First, it's important to know that IUDs have a limited lifespan. If they exceed this lifespan, it's recommended to remove them promptly, considering both contraceptive effectiveness and the risk of long-term complications.

 

For women within one year of menopause who no longer need contraception, the IUD should be removed promptly. After menopause, estrogen and progesterone levels drop significantly, the uterus shrinks, the cervix tightens, and the uterine muscle layer thins. Since the size of the IUD remains constant, the shrinking uterus may cause it to become embedded in the uterine wall, a condition known as IUD embedding.
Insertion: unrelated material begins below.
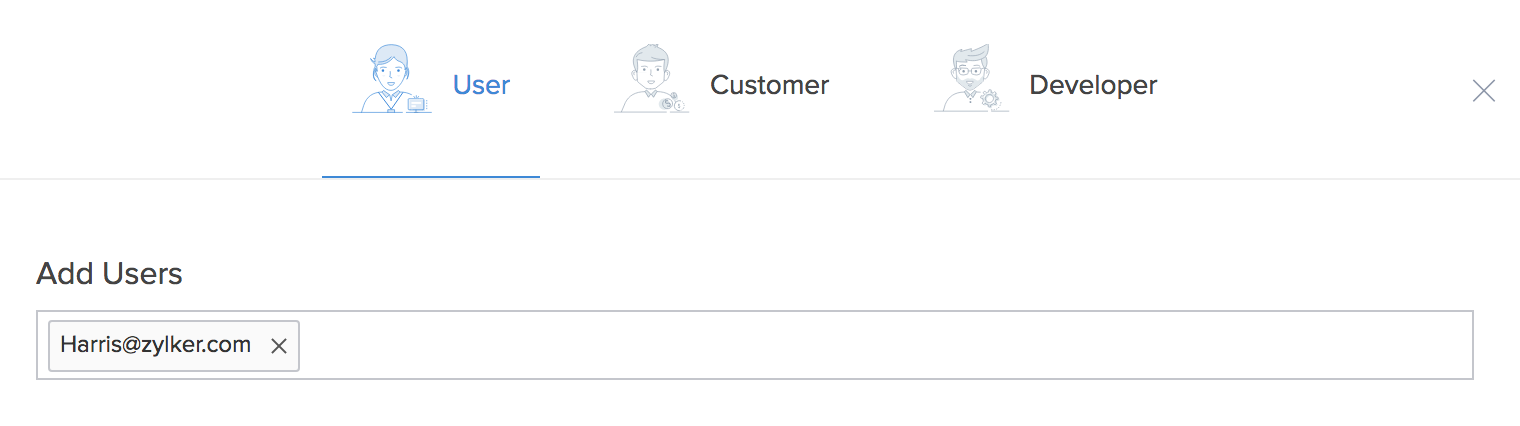 - The share application with tab will appear. This tab contains three different sections : Users, Customers , and Developers. Users are the induviduals who need to access your application. Eg: employees, consultants etc. To share application with users select the Users section.

If it embeds in a blood vessel, it can cause severe bleeding; if it migrates into the abdominal cavity, it can cause a series of abdominal complications (abdominal pain, infection, etc.); if it migrates to the bladder and embeds in the bladder cavity, it may cause stones and unexplained hematuria (as in Ms. Wang's case of an ectopic IUD). Regardless of the type of displacement, removal can be difficult or unsuccessful, and may even require open surgery.

 

Older women are more prone to illness, and some illnesses require MRI scans, which are generally not possible with an IUD in place. Therefore, for women using IUDs, once they are inserted, they will need to be removed. Don't take chances and think that since you don't feel anything, you can leave it in your uterus. If you start experiencing symptoms later, it will likely require more extensive treatment.

 

Therefore, we would like to remind women of childbearing age and perimenopausal women to choose a reputable hospital to have the correct type of IUD inserted. IUDs have a limited lifespan, and should be removed promptly when they expire or when contraception is no longer needed.

 

Pre- and Post-operative Precautions for Hysteroscopy

Pre-operative:

1. Hysteroscopy is generally best performed 3-7 days after menstruation ends;

2. Sexual intercourse is prohibited for three days after menstruation or before the procedure;

3. Pre-operative examinations required: routine vaginal discharge test, complete blood count, coagulation function test, pre-operative four tests, liver and kidney function tests, blood type identification, and electrocardiogram.

 

Post-operative care:

 

1. Abstain from sexual activity and tub baths for one month post-surgery;

 

2. Rest for at least one week post-surgery;

 

3. Administer appropriate antibiotics post-surgery;

 

4. Seek immediate medical attention if vaginal bleeding occurs;

5. Collect the pathology report 7 days post-surgery.